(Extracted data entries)
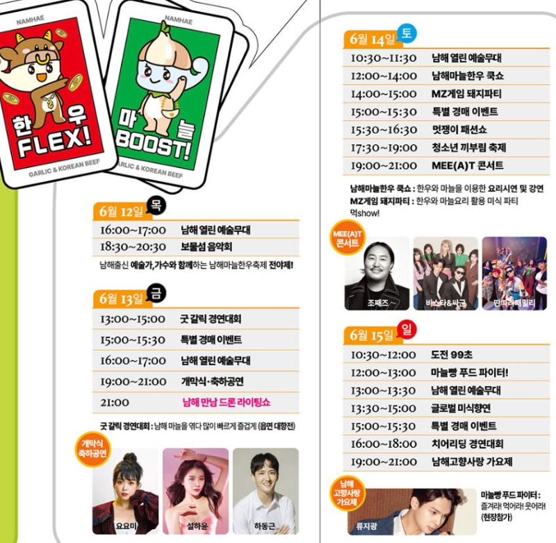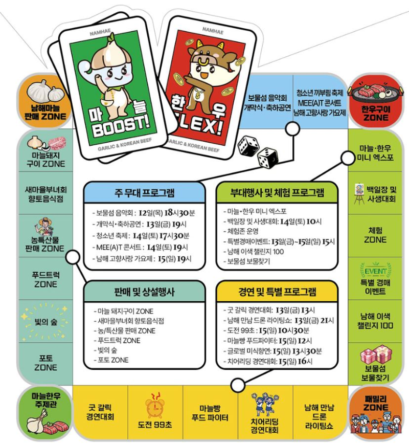- 주최/주관 : 남해군 / 남해마늘한우축제추진위원회
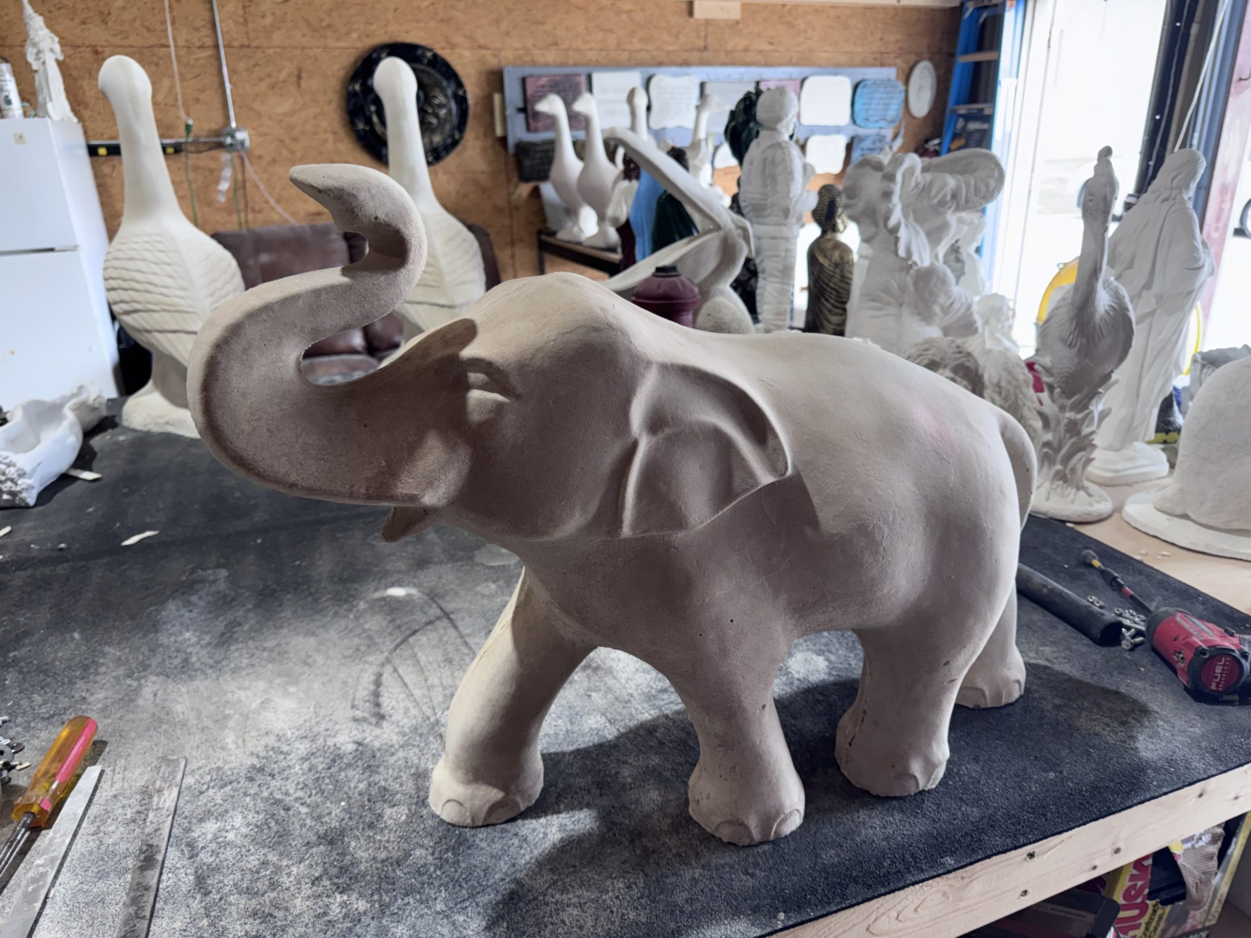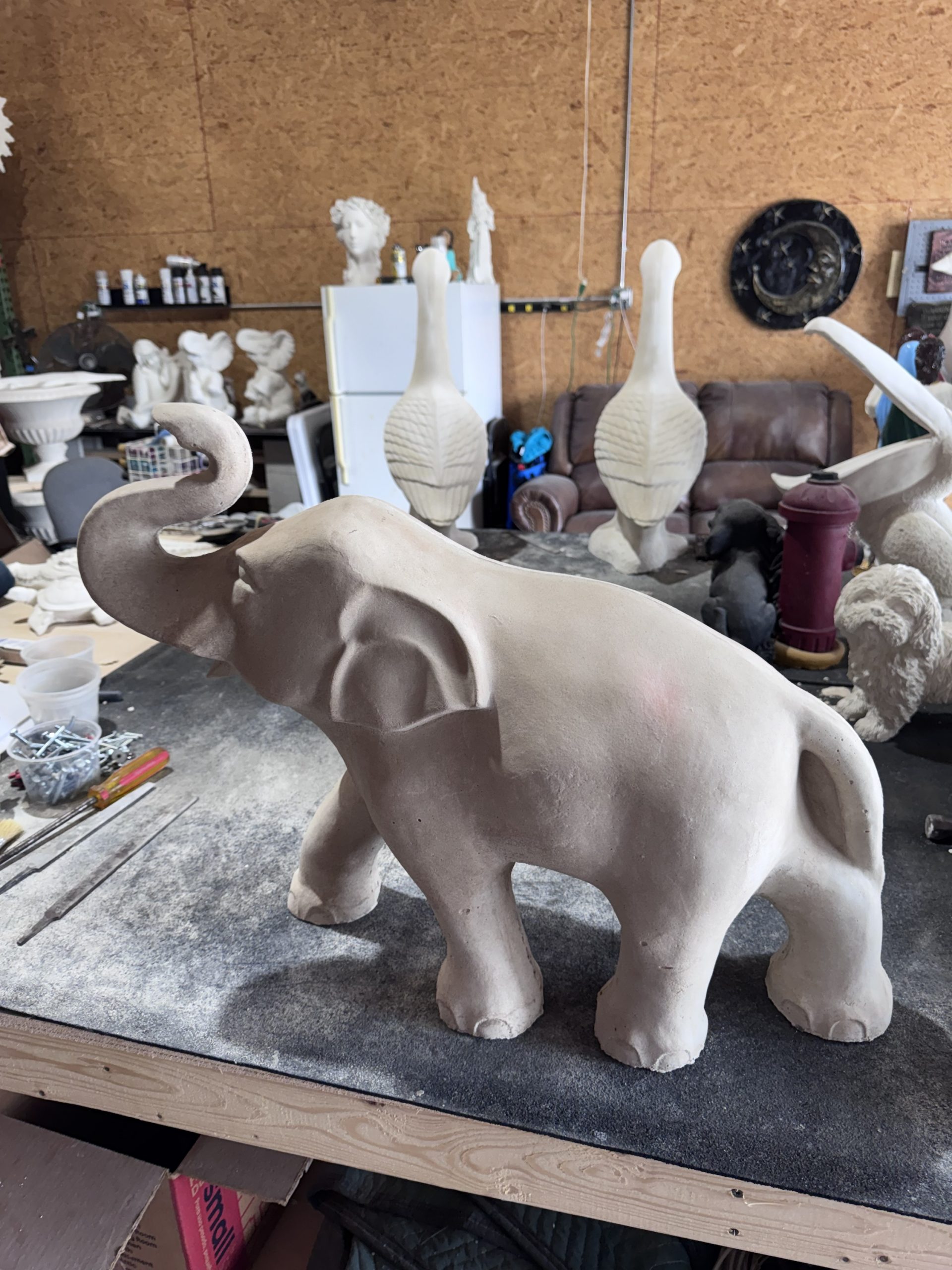 All of our statues are made out of concrete. Most items have some sort of support added to the statue such as rebar or aluminum wire throughout the piece to add strength.
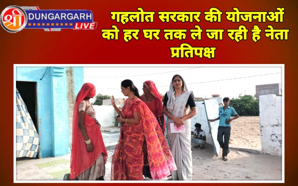 श्रीडूंगरगढ़ लाइव 16 अगस्त 2023। राजस्थान की अशोक गहलोत सरकार की जनहितकारी और लोकप्रिय योजनाओ का लाभ आमजन को किस प्रकार मिले इसका प्रभावशाली तरीका अपनाया है श्रीडूंगरगढ़ की नेता प्रतिपक्ष और कांग्रेस पार्षद श्रीमती अंजू पारख ने। नेता प्रतिपक्ष शहर कांग्रेस की महिला अध्यक्ष द्रोपती प्रजापत और अपनी साथिनों को लेकर कस्बे के हर घर मे जाकर राजस्थान की अशोक गहलोत सरकार की लोकप्रिय योजनाओं की जानकारी दे रही है और उनको लाभान्वित कर रही है।
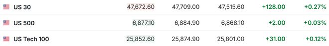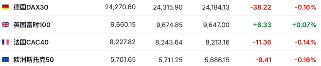 2. 截至发稿,德国DAX指数涨0.16%,英国富时100指数跌0.07%,法国CAC40指数涨0.14%,欧洲斯托克50指数涨0.16%。
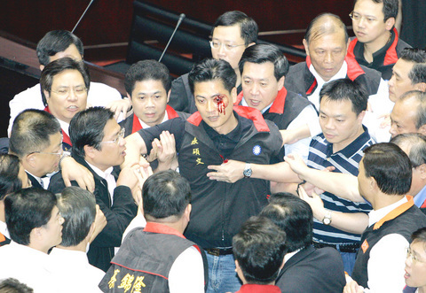 Amid bloodshed and fisticuffs, yesterday's legislative sitting accomplished little as the showdown over the cross-strait peace advancement bill proposed by the People First Party (PFP) was postponed and the organic bill of the proposed national communications commission (NCC) remained in legislative limbo.

About this task –
Write out exactly the lines between the start of the data and the line with "All of our statues", including both, but none of the pictures.

Task solution –
- 주최/주관 : 남해군 / 남해마늘한우축제추진위원회
 All of our statues are made out of concrete. Most items have some sort of support added to the statue such as rebar or aluminum wire throughout the piece to add strength.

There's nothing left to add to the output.